A key German business confidence ranking has reported its fourth consecutive, unexpectedly large drop, plunging to a ten-month low, with assessments of the current business climate in the country hitting their lowest point since August 2020.
According to figures released by the Munich-based Ifo Institute on Friday, local businesses’ morale hit 85.7 points in August, dropping from 87.4 points in July, and below the 86.7 points predicted by observers.
Ifo Institute’s rankings are based on the feedback of about 9,000 German businesses in the manufacturing, services, trade, and construction sectors. Respondents assess the “current business situation” and “expectations” over the coming six-month period, and have the option of characterizing the current situation as “good,” “satisfactory,” or “poor,” and expectations for the future as “more favorable,” “unchanged” or “less favorable.”
Ifo Business Climate ranking, showing German business managers' confidence (or lack thereof) in the state of the economy and expectations for the future.
© Photo : Ifo Institute
In its August rating, Ifo pointed to a “further darkening” of overall sentiment among German business managers, with companies “increasingly pessimistic about the months ahead.”
“In manufacturing, the Business Climate Index fell. Companies were particularly less satisfied with their current situation; this indicator dipped into negative territory for the first time since October 2020. Expectations remained starkly pessimistic. Companies complained ever more loudly of a decline in new orders,” Ifo’s report noted.
The economic watchdog observed a similar “cooling” in the service sector, with managers “expecting a further deterioration,” and complaining that “the weakness in manufacturing” is “weighing on the transport and logistics industry.”
“The Business Climate Index fell in trade too,” with businesses assessing “their current situation as considerably more negative” and “the outlook also turn[ing] even gloomier,” Ifo noted.
Finally, in construction, the index also “continued its nosedive,” with companies “noticeably less satisfied with their current business situation” and “pessimism concerning the coming months becoming even more widespread.”
Ifo's Business Climate ranking shows confidence (or lack thereof) of German businesses in the state of the economy by sector, including manufacturing, services, trade and construction.
© Photo : Ifo Institute
The drop in German business confidence comes on the heels of the release of fresh GDP data by the Federal Statistical Office on Friday, showing that GDP growth in the second quarter of 2023 declined by 0.6 percent (price adjusted) compared to a year earlier, leaving the country in a technical recession.
“Like in Germany, the economic development stagnated in the European Union as a whole in spring 2023. However, there were differences regarding the other large EU member states,” the Federal Statistical Office said in a note accompanying the new data.

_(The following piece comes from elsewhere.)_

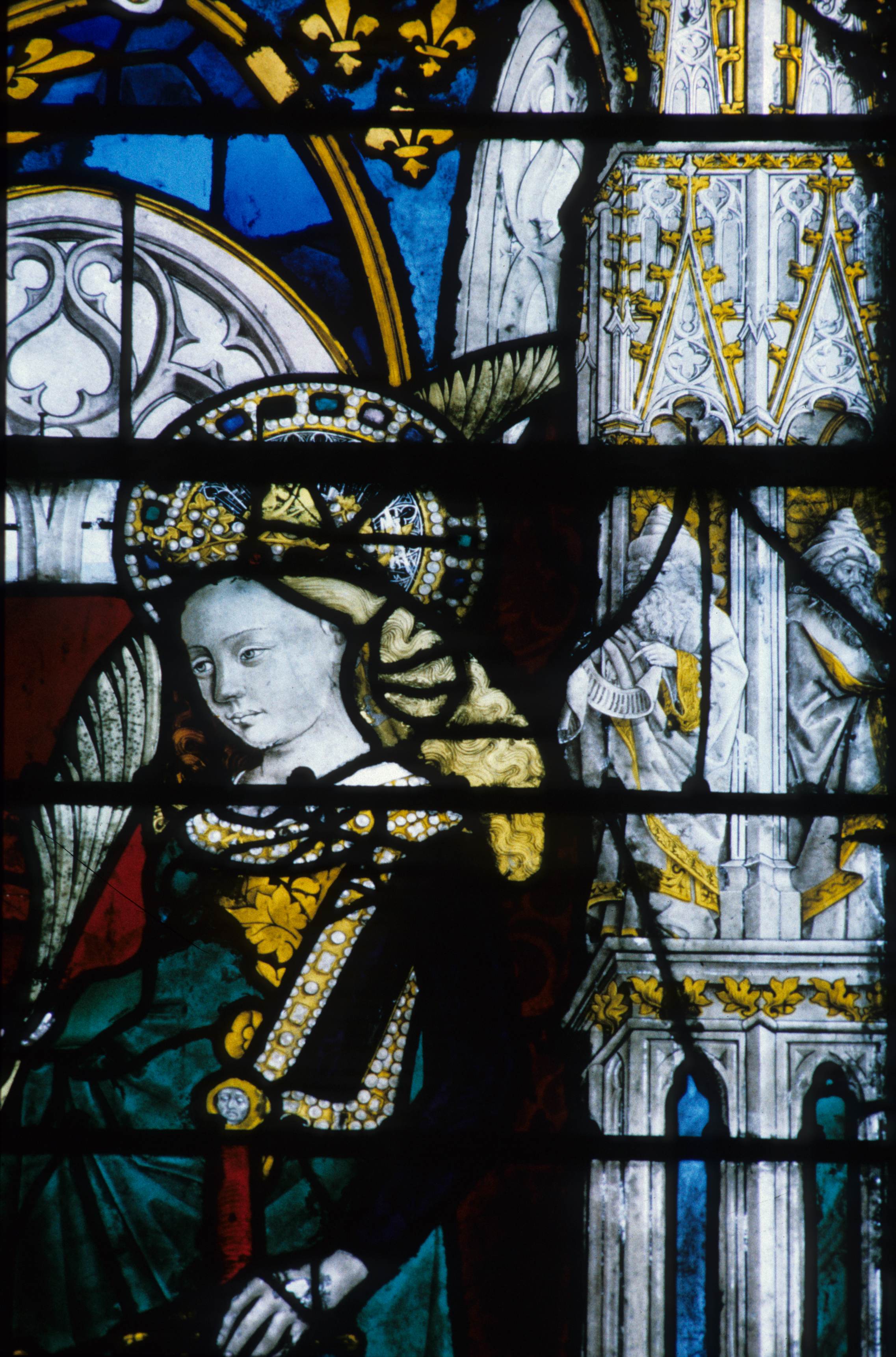 Description : sainte Catherine tenant une palme. Prophètes . Armes de France (Charles VII)

“The largest quarter-on-quarter increases in the price, seasonally and calendar adjusted GDP were seen in France (+0.5 percent) and Spain (+0.4 percent) in the second quarter of 2023. By contrast, economic performance declined by 0.3 percent in Italy. At +0.6 percent quarter on quarter, the economic development was somewhat better in the United States than in most European countries,” the office added.
Germany and other European economies both large and small were driven into a recession in 2022 after moving to reject Russian oil and gas purchases to try to “punish” Moscow for its special military operation in Ukraine. Russian officials warned at the time that the move would result in a catastrophic loss in competitiveness among German industry.
Last month, a survey found that 77 percent of managers of large German corporations considered high energy costs as a key hindrance to their competitiveness, with 58 percent fearing Germany has “passed its zenith” economically, and just 22 percent expecting the economy to pick up again.
US lawmakers’ passage last year of the ‘Inflation Reduction Act’, a mammoth $783 billion energy security package which provides lavish subsidies for manufacturers setting up shop on US soil and producing “green” products such as electric vehicles, resulted in a further hit against German competitiveness, and escalated fears of widespread and “irreversible” deindustrialization.
Washington poured salt in Berlin’s wounds by offering Germany US fracking-derived natural gas, whose exports to Europe surged by more than 137 percent in the first 11 months of 2022 alone, and whose costs are up to 40 percent higher than Russian pipeline gas, according to Russian estimates.